----- Data extracts -----

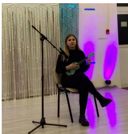
Конкурс инструменталистов «Таланты среди нас»
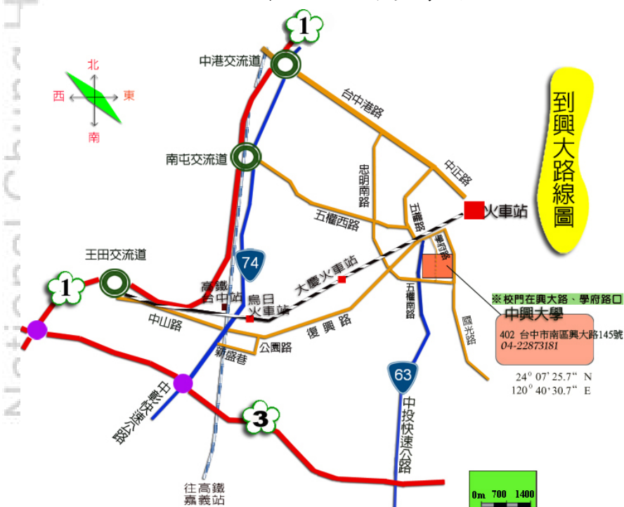
國立中興大學交通路線參考圖

(二)由國道3號福爾摩沙高速公路：209K 中投(台中)交流道下→接 63 線中投快速公路，往臺中市區方向→五權南路→忠明南路(右轉)→興大路(左轉)→中興大學。
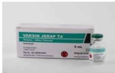
Gambar 2 Vaksin Td

Vaksin ini merupakan suspensi untuk injeksi.
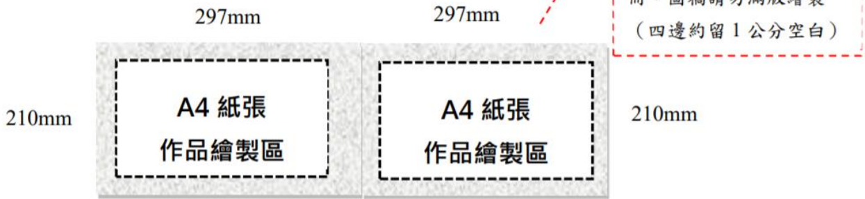
圖 2 作品紙張規格示意圖 (1 組 = 兩頁)
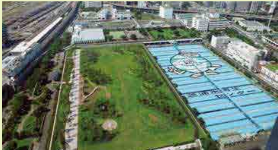
▲ 시설 상부를 시바우라췌오 공원으로 개방하고 있습니다
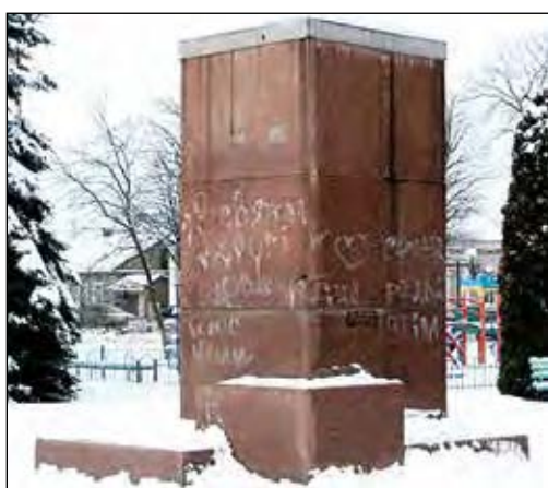
Постамент у Радивиліві вже 20 років чекає на скульптуру.

ОЛБАНІ, Нью-Йорк. — Дослідницька компанія „WealthInsight“ підрахувала капітали найбагатших людей планети, з'ясувавши, які мегаполіси світу є місцем проживання найбільшого числа мільярдерів. Першуні в оцінюванні є Нью-Йорк, де мешкають 70 мільярдерів. Дослідники відзначають, що в першу чергу йдеться про Мангеттен. Слідом за ним йдуть Москва (64 особи), Лондон (54), Гонг-Конг (40) і Пекін (29). Під мультимільонерами „WealthInsight“ розуміє забезпечених громадян з капіталом понад 30 млн. дол. Тут перше місце в оцінюванні дістається Лондонові, де проживають 4,224 мультимільйонери. На другу сходинку потрапляє японська столиця Токіо (3,525), третє - Сінгапур (3,154). Нью-Йорк опинився лише на четвертому місці, адже в ньому мешкають 2,929 багатіїв, а на п'ятому – Рим (945 мультимільйонерів). Водночас аґентство пророкує США скорочення числа багатіїв більш ніж на 300 тис. („Кореспондент“)
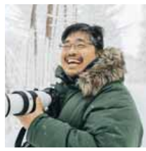
写真家 いのうえ ひろき 井上 浩輝氏
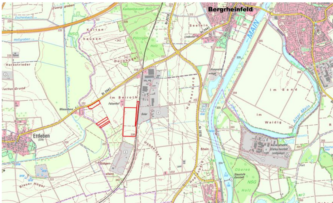
Abbildung 1: Lage der Änderungsbereiche nördlich des bestehenden Umspannwerks Bergheimfeld-West, Plangebiet rot (Kartengrundlage: Bayerische Vermessungsverwaltung, EuroGeographics).

Das Plangebiet sowie die externen Ausgleichsflächen befinden sich auf einer bisher landwirtschaftlich genutzten Fläche und sind unbebaut. Im Umfeld des Geltungsbereiches bestehen unterschiedliche Flächennutzungen, die Restriktionen für den Geltungsbereich nach sich ziehen. Auf Kap. 1.2 in der Begründung zur Änderung des Flächennutzungsplanes wird verwiesen.

-----

▶ **Exercise**: Set the records down again word for word; the pictures stay out.

▶ **Reply**:
Конкурс инструменталистов «Таланты среди нас»
國立中興大學交通路線參考圖

(二)由國道3號福爾摩沙高速公路：209K 中投(台中)交流道下→接 63 線中投快速公路，往臺中市區方向→五權南路→忠明南路(右轉)→興大路(左轉)→中興大學。
Gambar 2 Vaksin Td

Vaksin ini merupakan suspensi untuk injeksi.
圖 2 作品紙張規格示意圖 (1 組 = 兩頁)
▲ 시설 상부를 시바우라췌오 공원으로 개방하고 있습니다
Постамент у Радивиліві вже 20 років чекає на скульптуру.

ОЛБАНІ, Нью-Йорк. — Дослідницька компанія „WealthInsight“ підрахувала капітали найбагатших людей планети, з'ясувавши, які мегаполіси світу є місцем проживання найбільшого числа мільярдерів. Першуні в оцінюванні є Нью-Йорк, де мешкають 70 мільярдерів. Дослідники відзначають, що в першу чергу йдеться про Мангеттен. Слідом за ним йдуть Москва (64 особи), Лондон (54), Гонг-Конг (40) і Пекін (29). Під мультимільонерами „WealthInsight“ розуміє забезпечених громадян з капіталом понад 30 млн. дол. Тут перше місце в оцінюванні дістається Лондонові, де проживають 4,224 мультимільйонери. На другу сходинку потрапляє японська столиця Токіо (3,525), третє - Сінгапур (3,154). Нью-Йорк опинився лише на четвертому місці, адже в ньому мешкають 2,929 багатіїв, а на п'ятому – Рим (945 мультимільйонерів). Водночас аґентство пророкує США скорочення числа багатіїв більш ніж на 300 тис. („Кореспондент“)
写真家 いのうえ ひろき 井上 浩輝氏
Abbildung 1: Lage der Änderungsbereiche nördlich des bestehenden Umspannwerks Bergheimfeld-West, Plangebiet rot (Kartengrundlage: Bayerische Vermessungsverwaltung, EuroGeographics).

Das Plangebiet sowie die externen Ausgleichsflächen befinden sich auf einer bisher landwirtschaftlich genutzten Fläche und sind unbebaut. Im Umfeld des Geltungsbereiches bestehen unterschiedliche Flächennutzungen, die Restriktionen für den Geltungsbereich nach sich ziehen. Auf Kap. 1.2 in der Begründung zur Änderung des Flächennutzungsplanes wird verwiesen.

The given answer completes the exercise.